Nittner-Marszalska Marita, Rosiek-Biegus Marta, Kopeć Agnieszka, Pawłowicz Robert, Kosińska Magdalena, Łata Aleksandra, Szenborn Leszek
Department and Clinic of Internal Medicine, Pneumology and Allergology, Wroclaw Medical University, Str. Marii Skłodowskiej-Curie 66, 50-369 Wrocław, Poland.
Department of Paediatrics and Infectious Diseases, Wroclaw Medical University, Str. Chałubińskiego 2-2a, 50-368 Wrocław, Poland.
Vaccines (Basel). 2021 May 25;9(6):553. doi: 10.3390/vaccines9060553.
Individuals with a history of allergy are potentially at risk of suffering from adverse effects after COVID-19 vaccination. We sought to assess the tolerance towards the Pfizer-BioNTech vaccine in allergic patients.

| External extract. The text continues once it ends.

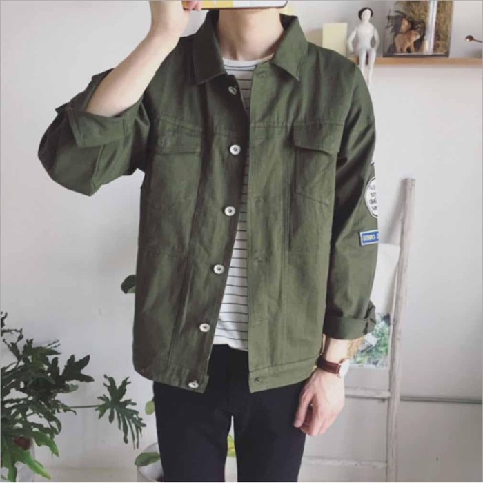 Pria: Jaket Denim Korea Motif Huruf jaket denim korea
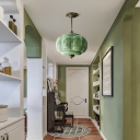 This medieval-inspired vintage flush mount lamp, featuring a simple pumpkin-shaped glass pendant, adds a touch of rustic elegance and timeless charm to any entrance or interior space.

To address this issue, we used a questionnaire conducted on-line in a group of medical professionals who were vaccinated with the Pfizer-BioNTech vaccine. A total of 1808 respondents, out of whom 1707 received two doses of the vaccine, returned the questionnaire. Local reactions after injection were more frequent in allergic individuals after both doses (swelling = 0.0003). Systemic adverse events (AE-SYS) occurred more often after the second than the first dose in both groups (allergic persons: 77.29% vs. 41.06%); vomiting and arthralgia occurred more often in allergic subjects ( = 0.0009). AE-SYS in allergic individuals lasted longer than in non-allergic ones after the first ( = 0.01) and the second dose ( = 0.0009). Allergic reactions after vaccination were reported more frequently in allergic subjects: after the first dose ( = 0.00001) and after the second dose ( = 0.001). Rhinitis was the most frequent symptom observed more often in allergic patients. No severe allergic reactions occurred during the full cycle of vaccination. Although the Pfizer-BioNTech vaccine is tolerated worse by allergic than non-allergic individuals, the occurring adverse symptoms are mild and do not preclude a successful completion of the vaccination cycle. The presence of symptoms suggestive of allergy does not constitute a condition of increased risk of developing clinically significant adverse events following Pfizer COVID-19 vaccination.
有过敏史的个体在接种新冠疫苗后可能有出现不良反应的风险。我们试图评估过敏患者对辉瑞 - 生物科技疫苗的耐受性。为解决这个问题,我们对一组接种了辉瑞 - 生物科技疫苗的医学专业人员进行了在线问卷调查。共有1808名受访者回复了问卷,其中1707人接种了两剂疫苗。两剂疫苗接种后,过敏个体的局部反应更频繁(肿胀 = 0.0003)。两组中,第二次接种后全身不良事件(AE - SYS)的发生频率均高于第一次(过敏者:77.29% 对 41.06%);呕吐和关节痛在过敏受试者中更常见( = 0.0009)。第一次( = 0.01)和第二次接种后( = 0.0009),过敏个体的AE - SYS持续时间比非过敏个体更长。过敏受试者接种疫苗后的过敏反应报告更频繁:第一次接种后( = 0.00001)和第二次接种后( = 0.001)。鼻炎是过敏患者中最常观察到的症状。在整个疫苗接种周期中未发生严重过敏反应。尽管过敏个体对辉瑞 - 生物科技疫苗的耐受性比非过敏个体差,但出现的不良症状较轻,并不妨碍成功完成疫苗接种周期。出现提示过敏的症状并不构成辉瑞新冠疫苗接种后发生具有临床意义的不良事件风险增加的情况。